Monday, November 7, 2011 (Last Updated: 11/08/2011)
MONDAY, Nov. 7 (HealthDay News) -- Immediate pigment darkening (IPD) may occur via a novel ultraviolet (UV) A signaling pathway involving calcium mobilization and early melanin synthesis in human epidermal melanocytes (HEMs), with the photopigment rhodopsin, which is expressed in HEMs, contributing to phototransduction, according to a study published online Nov. 3 in Current Biology.
Nadine L. Wicks, from Brown University in Providence, R.I., and colleagues sought to identify the receptor protein which directly mediates UVA related phototransduction in skin, and to investigate the effect of UVA exposure on HEMs. To understand the mechanism of IPD, they designed a system that permitted real-time imaging of cultured cells, and simultaneous exposure to irradiation that was comparable to UV radiation.

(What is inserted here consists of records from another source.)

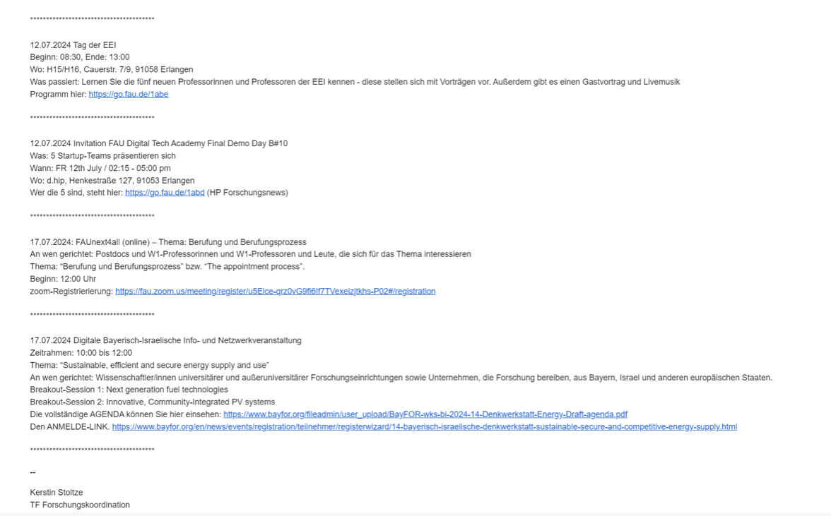 b.选课方面,FAU也和国内类似有专门的选课网站以及会在选课前由教务老师介绍如何选课。不过需要注意的是,德国大学并不存在考试周的说法。因此,期末考试的安排时间可能会在下一个学期开始前的任意时间。需要注意与自己回国时间不要相冲突。当然如果没有选上课,单纯去旁听也是没问题的。不过无法得到相关课程的资料(但是FAU的中国职工还是很多的,蹭一蹭也是没问题的)。除此之外,加入实验室之后也会有类似组会以及讲座的学习交流机会,在和导师沟通清楚之后,可以参加这些会议和讲座。公司也会不定时地发布一些讲座信息,供大家参加。
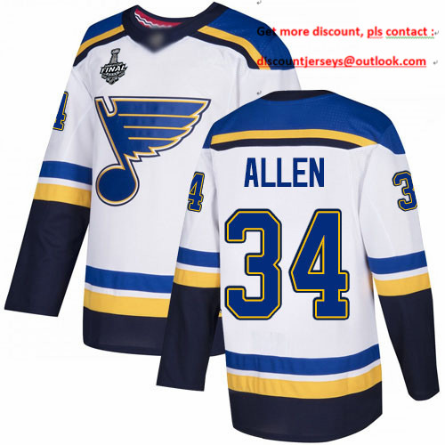 Blues #34 Jake Allen White Road Authentic Stanley Cup Final Bound Stitched Youth Hockey Jersey
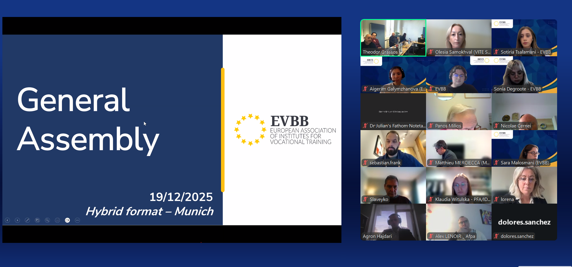 19 грудня 2025 року представництво Вінницького торговельно-економічного інституту ДТЕУ (ВТЕІ ДТЕУ) долучилося до Генеральної асамблеї Європейської асоціації закладів професійної освіти (EVBB), яка відбулася у гібридному форматі — у місті Мюнхен (Німеччина) та онлайн.
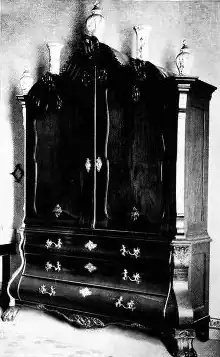 The house contains several armoires, of which Dorothea Fairbridge,[26] believes the finest is a rococo cabinet (height 270 cm, width 220 cm, depth 72 cm) of stinkwood with amboyna. It is gable-topped with flat spaces on which would have been placed blue Nankin or Delftware garnitures. It rests on claw feet and retains its original silver escutcheons and handles by Daniel Heinrich Schmidt, a Cape silversmith. The handles date the cabinet to between 1780 and 1790.[28] This cabinet might be one of three that belonged to Hendrik de Wet at the time of his death in 1802,[28] but it was certainly in its present upstairs bedroom location when Margaretha de Wet died.[26] The armoire, listed in the 1913 sale catalogue as lot 2308, was purchased for £100.[20]

The investigators found that exposure of HEMs to UVA resulted in mobilization of calcium, and early synthesis of melanin. Depletion of the intracellular calcium store or treatment with G protein or phospholipase C inhibitors abolished calcium responses. Rhodopsin was found to be expressed in HEMs, and contributed to UV radiation phototransduction. Significant melanin production occurred within one hour of exposure to UV radiation. After 24 hours of exposure, melanin production continued to increase five-fold in a retinal and calcium dependent manner.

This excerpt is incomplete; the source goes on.